I'm a heavy user of several of Magnus's tools, and them being down thus impedes a lot of my activities. I fully understand that he does not want to restart any of them manually (let alone all) in such cases, so some pointers on how to move forward with this would be appreciated.

Could we find a way that (a) doesn't require a webservice restart

This would require that we first know what is causing the problem for your tools and then somehow avoiding it. Possible certainly, but we'd need a much better understanding of the problem.

or (b) does the restart automatically for all tools, after NFS work has finished?

We could probably come up with something that can restart all Kubernetes webservices en-mass. We can do something similar on grid engine already by rescheduling all continuous jobs.

Somewhere on wikitech we have an equivalent procedure to https://wikitech.wikimedia.org/wiki/Portal:Tool_Labs/Admin#Restarting_all_webservices for restarting all webservices running on k8s and I have not yet found it. @yuvipanda any idea where that lives?

When I was doing it, I'd just do some shell scripting to delete all the pods in all namespaces that aren't paws. k8s will start them back up.

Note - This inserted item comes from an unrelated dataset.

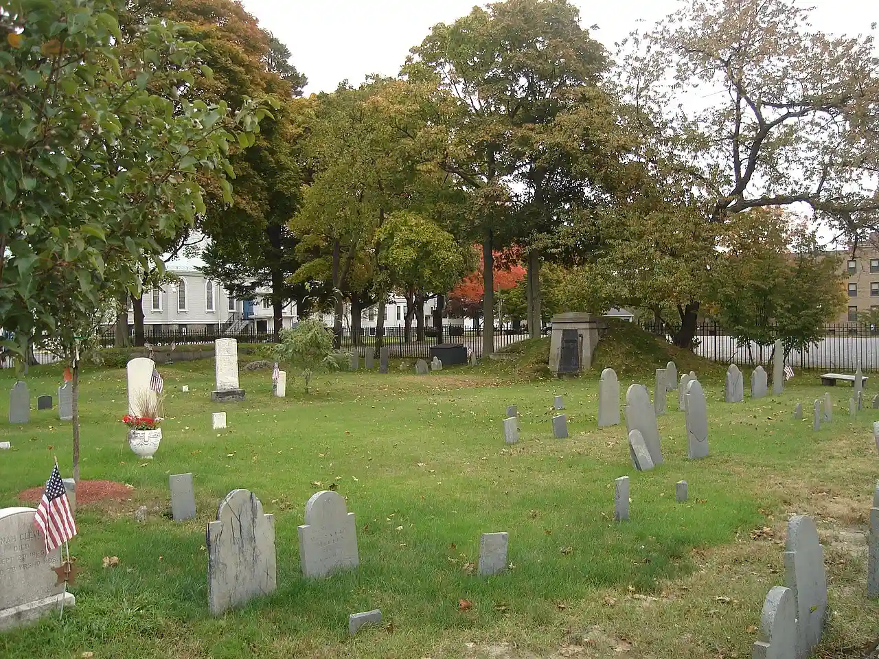 The Christ Church Burial Ground is a historic cemetery at 54–60 School Street in Quincy, Massachusetts. It is the cemetery of the Anglican Christ Church congregation, the second to be established in colonial Massachusetts. It is the site of the congregation's first church building, completed 1727, of which only a foundation element survives. The site's oldest grave marker is dated 1737; there may be older, unmarked graves. There are about 75 marked graves. Read more on Wikipedia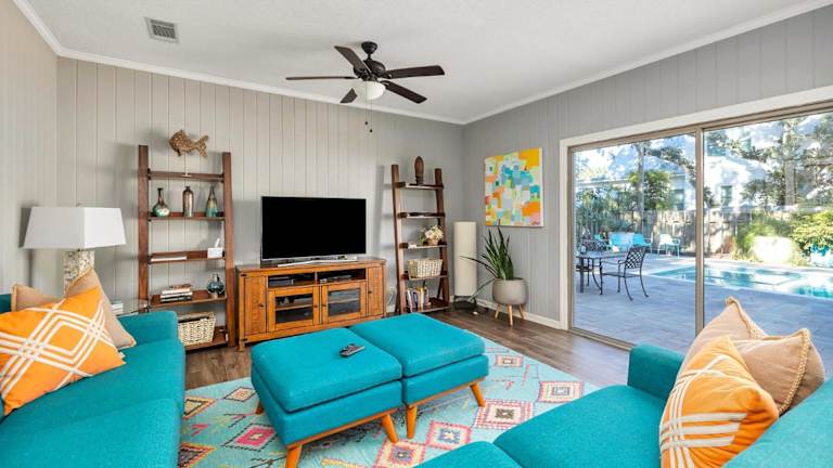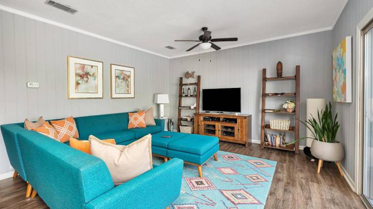 Das Ferienhaus bietet 4 Schlafzimmer und ein gemütliches Wohnzimmer mit Kabel-TV. Die voll ausgestattete Küche beinhaltet einen Kühlschrank und Geschirrspüler. Die Badezimmer sind mit einer Badewanne oder Dusche ausgestattet.

You can get a list of all pods with kubectl get --all-namespaces pods and then do bash magic from there.

All tools should have predefined documented ways to recover from the return to service of formerly failed dependencies, the more automated the better. For manually initiated scripts, the people who run the dependencies should be allowed to run the scripts to restart the dependent tools.

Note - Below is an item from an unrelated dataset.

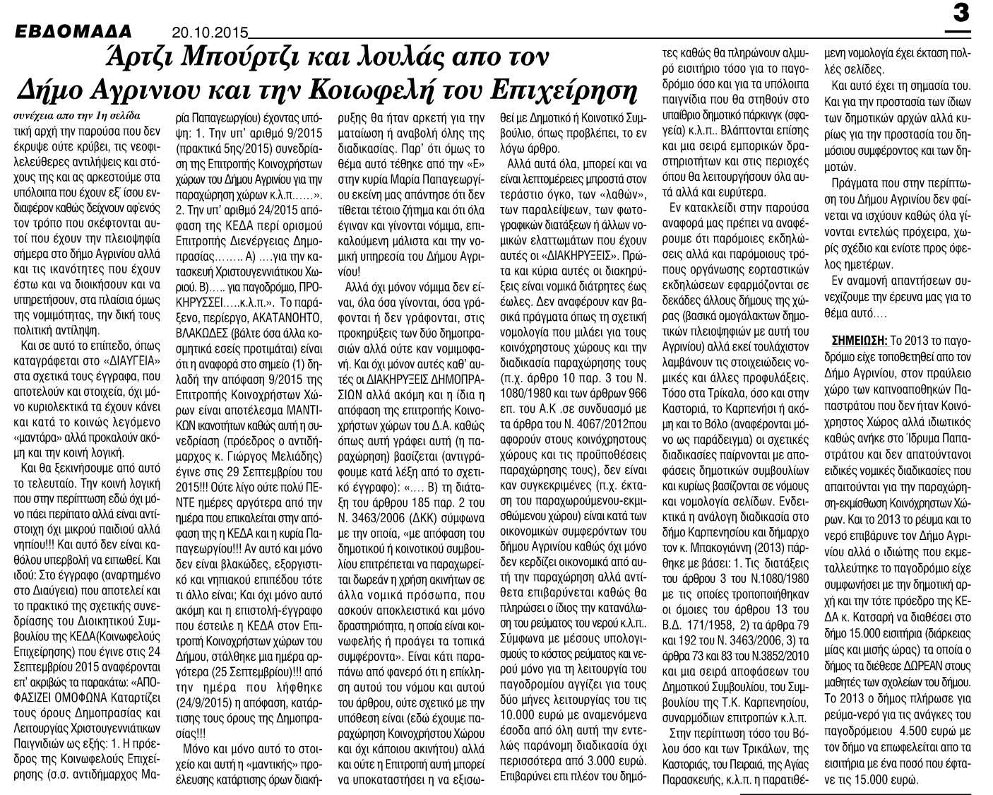 Layout 1Δεν σας κρύβουμε πως δεν γνωρίζαμε ως agrinioreport.com σε ποιους αναφερόταν ο κ. Παπαναστασίου. Φυσικά αναρωτηθήκαμε αλλά δεν ήταν και κάτι το οποίο μας αφορούσε άμεσα ως μέσο, ώστε να δώσουμε έκταση και να ψάξουμε στο ποιος είπε τι. Σήμερα το πρωί λάβαμε στο mail του site μας την ανακοίνωση του δημάρχου κ. Παπαναστασίου ενώ προς το μεσημέρι λάβαμε και ένα ακόμη mail από έναν συνάδερφο κάτοχο της εφημερίδας “ΕΒΔΟΜΑΔΑ” . Έτσι καταλάβαμε πως η ανακοίνωση του Δήμου (που ήταν συνέχεια της αντίδρασης που έγινε στην συνέντευξη τύπου του ΔΗ.ΠΕ.ΘΕ από το Δήμαρχο) αφορούσε σε σχόλια της εφημερίδας “ΕΒΔΟΜΑΔΑ” που αναφέρονταν στους μισθούς των αιρετών του δήμου. Όπως μπορεί ο καθένας να καταλάβει το συγκεκριμένο θέμα είναι πολύ λεπτό δεοντολογικά. Ο λόγος ; Επειδή γίνεται αναφορά σε κάποιο άλλο μέσο ενημέρωσης. Όμως εμπεριέχει και πολύ ενδιαφέρον μιας και πρόκειται για τις μισθοδοσίες Δημάρχου Αντιδημάρχων κ.τ.λ.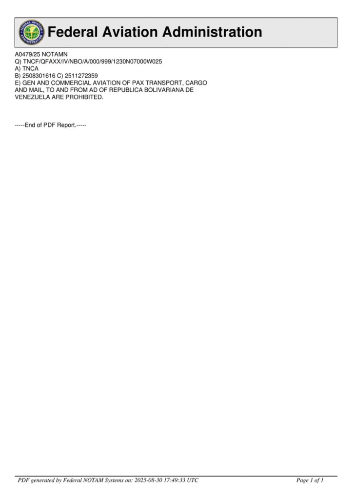 El abogado aeronáutico Guillermo De Armas informó en sus redes sociales de la decisión y señaló que la prohibición está formalizada bajo la NOTAM A0479/25 del Aeropuerto Internacional Reina Beatrix.

When I was doing it, I'd just do some shell scripting to delete all the pods in all namespaces that aren't paws. k8s will start them back up.

You can get a list of all pods with kubectl get --all-namespaces pods and then do bash magic from there.

This makes sense and is pretty much the equivalent of the grid engine procedure. The Kubernetes replica controller for each deployment would notice that the expected pod count was not met and then spawn the pods.

Bstorm triaged this task as Medium priority.Feb 11 2020, 4:08 PM
Bstorm claimed this task.
Bstorm subscribed.

There was a delay during the failover of NFS today (the root cause has been fixed so from here on in NFS failover should be smoother than it ever has been), and I'm interested if anyone's tools are currently broken by that. We are on a new Kubernetes cluster, which has been more stable so far. We also have made improvements over time to the webservice monitor for the grid (which is also upgraded since this ticket was created).

I am hoping that the requested actions in here are largely automated away. A spot check of tools on https://tools.wmflabs.org/magnustools/ shows most or all are live. https://tool-db-usage.toolforge.org/ accesses the database and is live.

So I think, this is largely deprecated at this point...I hope! I am going to close this, but please feel free to re-open if you see the problem again in a widespread fashion.